Drug-induced transcriptional changes in the corticostriatal system have been reported in rodent models2,3 and substance dependent individuals4,5. Additionally, behavioral correlates of substance use disorder, namely impulsivity and incentive sensitization, all involve corticostriatal circuitry6–10; however, the molecular mechanisms underlying these relationships are unknown. The striatum plays a central role in addiction-related behavior11,12 and influences behaviors (e.g., sensation seeking) that predict the development of substance use disorders13–16. It receives inputs from diverse brain regions, including the midbrain, prefrontal cortex, and thalamus, and plays a fundamental role in goal-directed actions and habits11. The dopamine projections from the ventral tegmental area to the nucleus accumbens and prefrontal cortex are at the heart of this reward circuit, and their importance to drug reward is well established17. Neuroimaging studies of people with a history of cocaine use disorders and rodent studies have indicated that addiction is a circuit-level disorder involving several functionally inter-connected brain regions18,19. Identifying drug-induced changes in gene expression20,21 and resulting neural plasticity22,23 in addiction-relevant neurocircuits can reveal underlying sources of addiction risk and resilience.

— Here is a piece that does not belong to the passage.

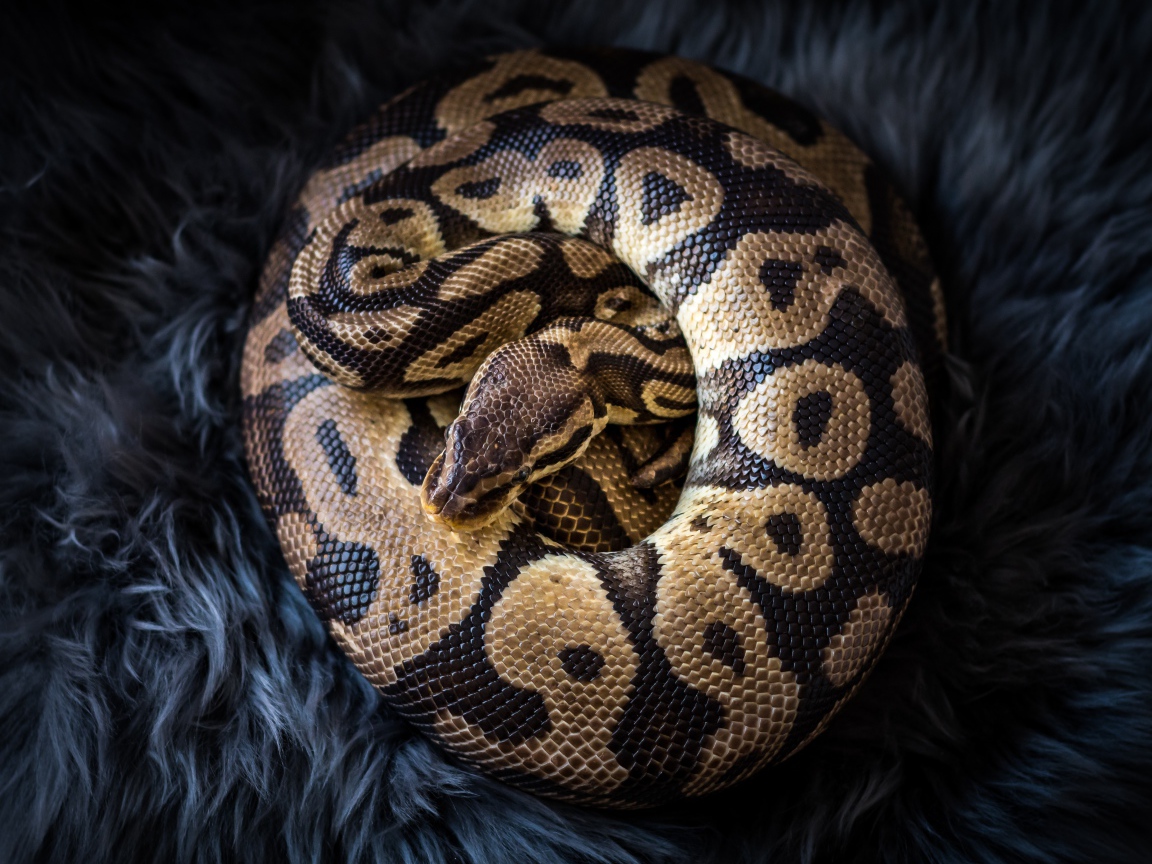 Большой красивый питон лежит на черном меху Обои для рабочего стола 1152x864

Gene expression quantitative trait locus (eQTL) and systems genetic analyses facilitate the identification of genes and variants associated with complex traits, including those related to addiction.24 Such data allow the reduction of large numbers of positional candidate genes and variants implicated in quantitative trait locus (QTL) for behavioral traits. These data are also useful for discovering transcripts significantly correlated with behavior and uncovering transcriptional co-expression networks to identify the biomolecular mechanisms underlying complex traits24. Researchers can also use eQTL data to identify genetic variants regulating differentially expressed genes, such as those discovered in drug exposure studies. This data can be used with data from other model organisms25 to identify convergent evidence for biological mechanisms of addiction across species26,27. Model organism eQTLs can also be related to convergent findings in humans to prioritize genome-wide association study (GWAS) results and to contextualize the role of the identified variant1.

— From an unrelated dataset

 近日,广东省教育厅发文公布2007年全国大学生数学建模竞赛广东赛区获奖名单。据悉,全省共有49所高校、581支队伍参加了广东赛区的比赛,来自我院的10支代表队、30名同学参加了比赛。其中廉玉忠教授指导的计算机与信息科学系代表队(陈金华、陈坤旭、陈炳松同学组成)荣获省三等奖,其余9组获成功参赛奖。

To ensure variation in nearly every gene in the genome and to increase the precision of QTL mapping, the Diversity Outbred28–30 (J:DO) mice were developed as an advanced intercross of the eight-way hybrid Collaborative Cross (CC) population31,32. Within the J:DO population, there are over 45 million single-nucleotide polymorphisms (SNPs) and millions of insertions and deletions segregating12,33,34. This high genetic diversity results in high phenotypic and transcriptomic variation35,36, enabling the discovery of genes and variants associated with behaviors.
Transcription regulatory variation is often context specific. Studies of transcriptional variation in J:DO mice have revealed precise genetic variation affecting proteomes and cellular transcriptional states in addition to bulk transcriptomics of tissues relevant to metabolism in health and disease37–39.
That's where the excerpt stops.